= Allan Birnbaum =

American statistician

Allan Birnbaum (May 27, 1923 – July 1, 1976) was an American statistician who contributed to statistical inference, foundations of statistics, statistical genetics, statistical psychology, and history of statistics.

==Life and career==
Birnbaum was born in San Francisco. His parents were Russian-born Orthodox Jews. He studied mathematics at the University of California, Berkeley, doing a premedical programme at the same time. After taking a bachelor's degree in mathematics in 1945, he spent two years doing graduate courses in science, mathematics and philosophy, planning perhaps a career in the philosophy of science. One of his philosophy teachers, Hans Reichenbach, suggested he combine philosophy with science.

He went to Columbia University to do a PhD with Abraham Wald but, when Wald died in a plane crash, Birnbaum asked Erich Leo Lehmann, who was visiting Columbia to take him on. Birnbaum's thesis and his early work was very much in the spirit of Lehmann's classic text Testing Statistical Hypotheses.

Birnbaum stayed at Columbia until 1959 when he moved to the Courant Institute of Mathematical Sciences, becoming a full Professor of Statistics in 1963. He travelled a good deal and liked Britain especially. In 1975 he accepted a post at the City University, London, and worked with The Open University on their course M341 "Fundamentals of statistical inference" (with Adrian Smith). He took his life in 1976.

The article in the Leading Personalities volume opens with the declaration, "Allan Birnbaum was one of the most profound thinkers in the field of foundations of statistics." The assessment is based on Birnbaum's 1962 article and the publications surrounding it. Birnbaum's theorem which argued for the likelihood principle generated great controversy; it implied, amongst other things, a repudiation of the approach of Wald and Lehmann, that Birnbaum had followed in his own research.
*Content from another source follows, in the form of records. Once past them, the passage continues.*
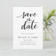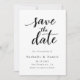 This elegant black-and-white wedding save-the-date card is perfect for a modern wedding. The simple design features elegant black calligraphy on a clean white background. The card also includes a QR code for the wedding website on the back.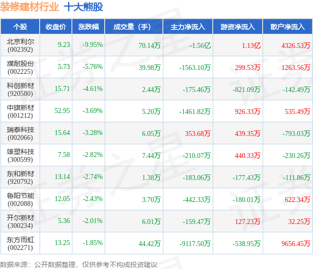 个股表现方面,装修建材行业当日领跌股为北京利尔(002392),该股当日报收9.23,下跌9.95%,成交量70.14万,主力资金净流出1.56亿元。濮耐股份(002225)以下跌5.76%紧随其后,该股当日成交量39.98万,主力资金净流出1563.1万元。除此之外,科创新材(920580)、中旗新材(001212)、瑞泰科技(002066)均进入当日熊股之列。具体个股列表见下表: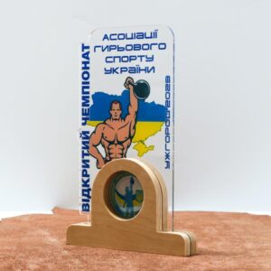 Награда выполнена из акрила с деревом плюс нанесение УФ печати.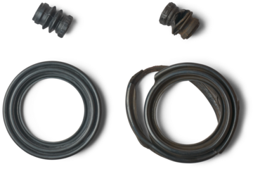close-up of new and old brake caliper pin and piston boots, crucial components in car hydraulic braking system, regular inspection and maintenance concept isolated on white background
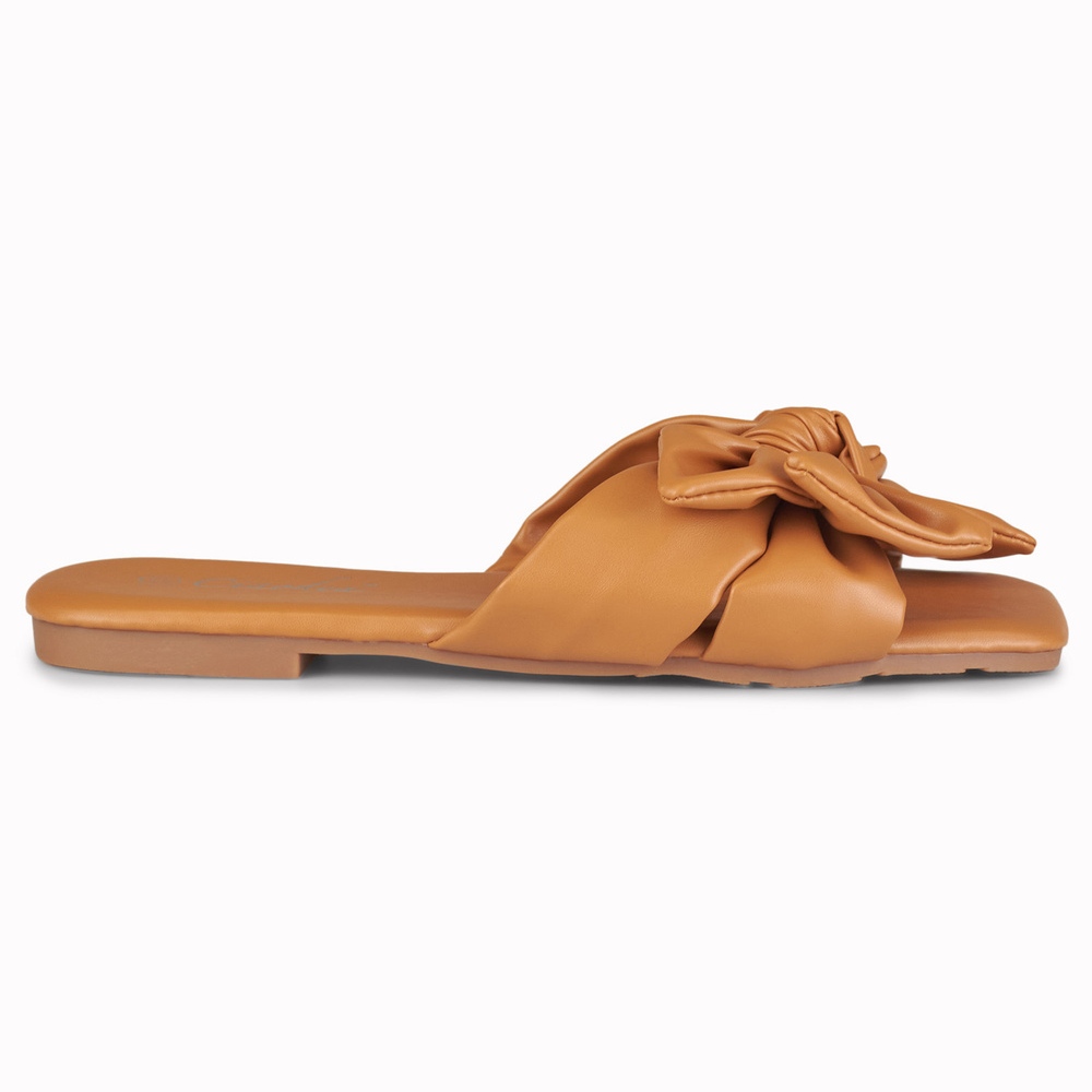 Szczegóły: Karmelowe klapki z kokardą Isanna brązowe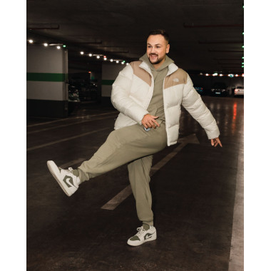 Vendosa ta çoja një nivel më lart duke e kombinuar me hoodie dhe tuta Jordan pothuajse të së njëjtës nuancë. Për ta thyer pak monokromin shtova xhupin North Face, ku e bardha dhe bezha krijojnë harmoni perfekte me të gjithë look-un. Kur ngjyrat lidhen kaq mirë mes tyre, edhe një outfit i thjeshtë duket sikur është përgatitur posaçërisht për një photoshooting.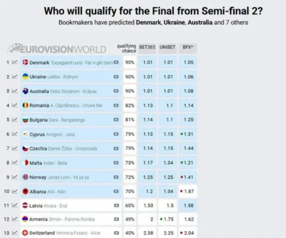 Крім того, вихід до фіналу пророкують Данії, Австралії, Румунії, Болгарії, Кіпру, Чехії, Мальті, Норвегії та Албанії.
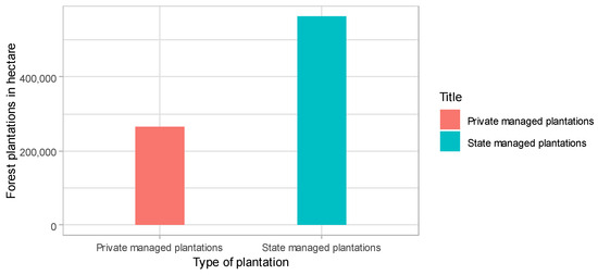 With the shift toward economic liberalization, the FD began permitting the establishment of private plantations. The aims were to accelerate plantation forestry, meet timber demand, increase forest cover, and enhance job opportunities. Private investors are granted 30-year leases. The new Forest Law (2018) further confirmed and legitimized the role of private actors in the forest plantation industry. The following figure illustrates the rapid development of private forest plantations in Myanmar. State-owned plantations were established solely by the FD. Between 1981 and 2019, the FD established over 0.5 million hectares of forest plantations. In contrast, although the private sector was a latecomer, it reached over 0.26 million hectares within 13 years (Figure 8).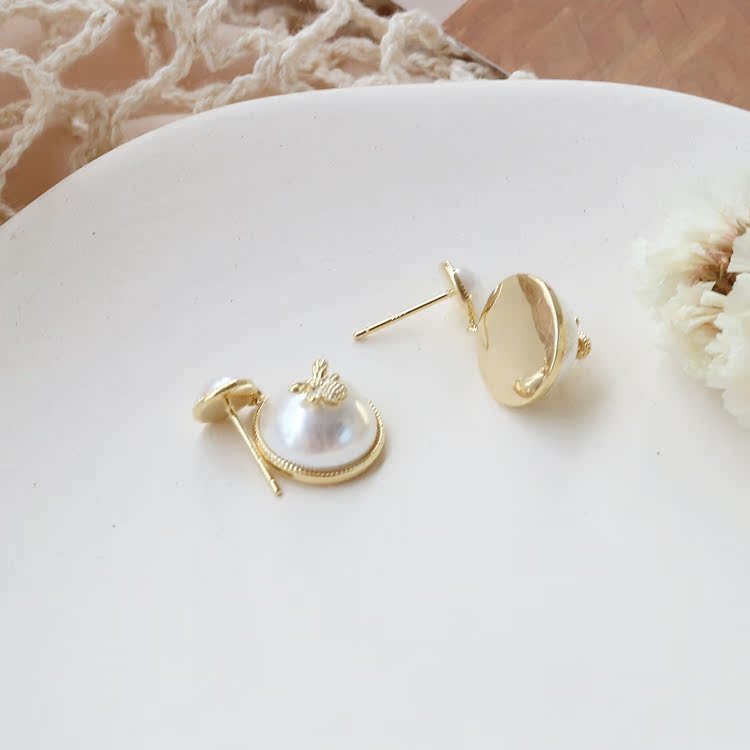 韓國 甜美少女心日常百搭珍珠蜜蜂金屬925銀針耳環女簡約氣質耳釘1入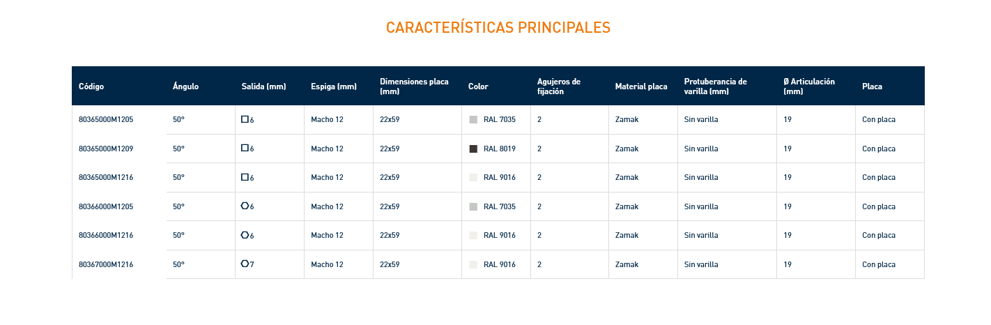 • Articulación Zamak lacado o niquelado.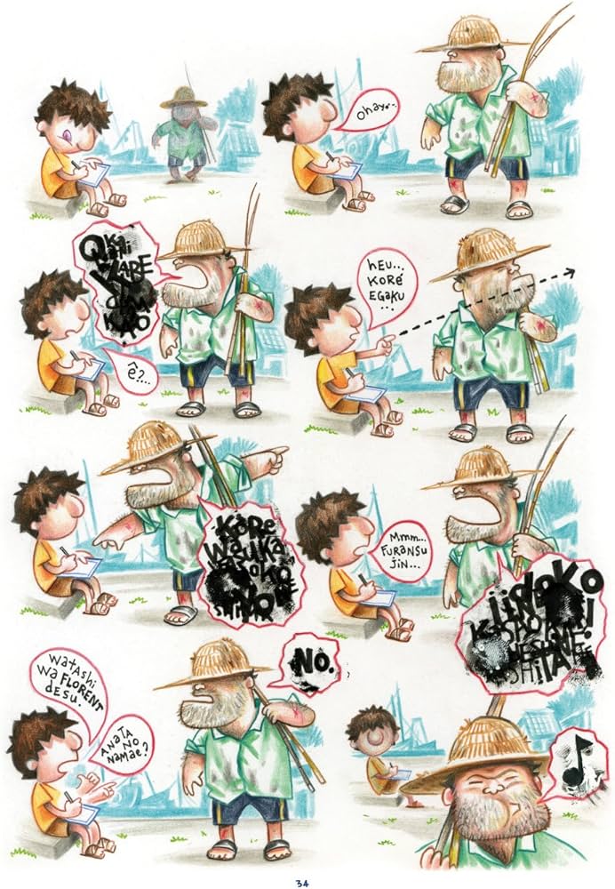 D’abord surpris par cet engouement que leur a porté notre auteur, tous et toutes se sont laissé.es séduire par son projet à savoir réaliser une cartographie de leur village. « Au début, les habitants ne comprenaient pas pourquoi je restais là et je n’allais pas sur l’île d’à côté plus touristique, avec ses hôtels, ses jet ski etc., raconte Florent Chavouet avec qui nous avons pu échanger. Pour eux, leur île et leur vie n’avaient aucun intérêt. » Mais c’est justement ça que l’illustrateur cherchait, faire une photo authentique (et comique) de leur quotidien à la fois sauvage et son contraire.

Leonard Jimmie Savage opened the discussion by saying

Without any intent to speak with exaggeration or rhetorically, it seems to me that this is really a historic occasion. This paper is landmark in statistics because it seems to me improbable that many people will be able to read this paper or to have heard it tonight without coming away with considerable respect for the likelihood principle.

Although Birnbaum made other contributions, none compared with this for impact or continuing resonance.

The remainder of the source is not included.